GHCN

This repo sets up a local version of the GHCN historical daily weather (max, min, precipitation) recorded by weather stations around the world.

Please note that while some of the snippets within may be useful in a production environment, this code is meant to be used for demos and experiments, and is not intended to be optimized for high load or scale.

Local provisioning

Ansible is used to provision a 3-node YugabyteDB database cluster.

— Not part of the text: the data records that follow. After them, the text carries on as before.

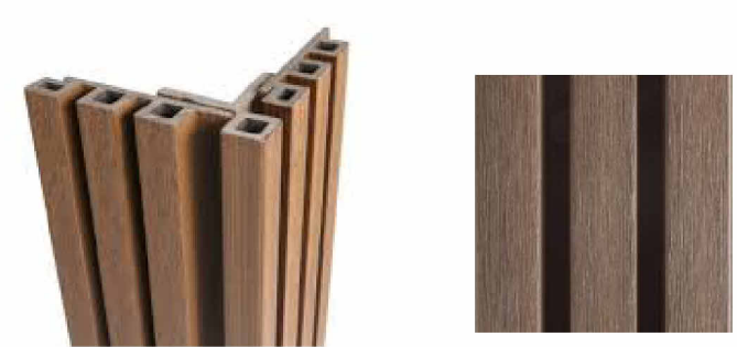
Ecoscape composite cladding spiced oak
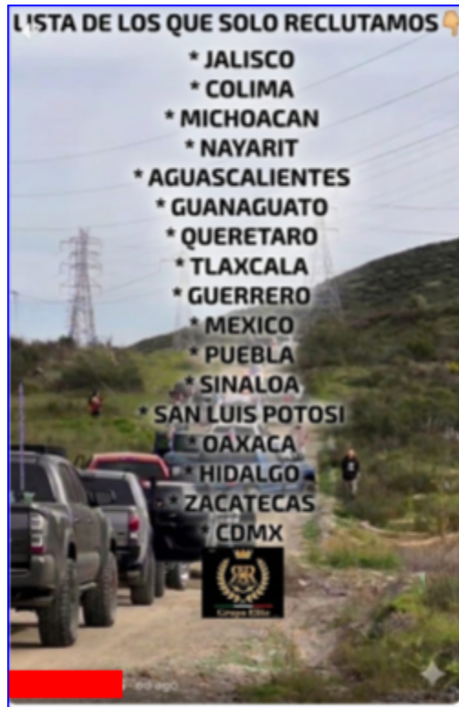
Still from a TikTok video encouraging recruitment by listing targeted states across multiple regions, combined with convoy imagery and group insignia. (Redaction by Graphika)
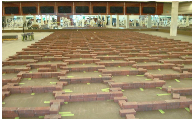
10 mm Sport Tile Installation utilizing 2 bricks head seam 1 brick side seam

NOTE: The above listed quantities are merely suggestions. Specific site and environmental conditions could necessitate additional or less bricks on the seams. Enough bricks should be used to effectively keep the material flat in the adhesive for the required amount of time listed above. Never use pieces of wood, boxes of other materials, sandbags, cinder blocks or any other substitute to weight the seams. See photo below showing placement of bricks on seams.

The command for provisioning a test cluster is: ansible-playbook -i inventory.yml tasks/ghcn.yml

Scenarios

After the cluster is running, various scenarios can be run. Current available scenarios are:

  • Add lookup tables (states, stations, countries, inventory)

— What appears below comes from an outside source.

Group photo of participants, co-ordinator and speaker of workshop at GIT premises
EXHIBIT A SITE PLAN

Run these python scripts in a virtual environment (e.g., venv) with the required modules:

  • pandas
  • sqlalchemy
  • psycopg2 (or psycopg2-binary for Apple M1)

Prerequisites

  • a copy of yugabytedb (see https://download.yugabyte.com for one option)
  • set the group_vars yb_executable_dir to point to your desired YugabyteDB version
  • set your path to include the bin and postgres/bin folders within your desired YugabyteDB version
  • use set_ips.sh to set local ips for 3 nodes via set_ips.sh (127.0.0.1 - 127.0.0.3)
  • add public ssh key to ~/.ssh/authorized_users file and ssh-add it
  • some of the scenarios assume you've upgraded your bash version to something modern (e.g., 5.2.15)

Customization

If you need to change gflags for YugabyteDB, add the key/value in groups_vars/all and then in the template at tasks/yugabytedb/templates/[tserver.conf.j2|catalog.conf.j2].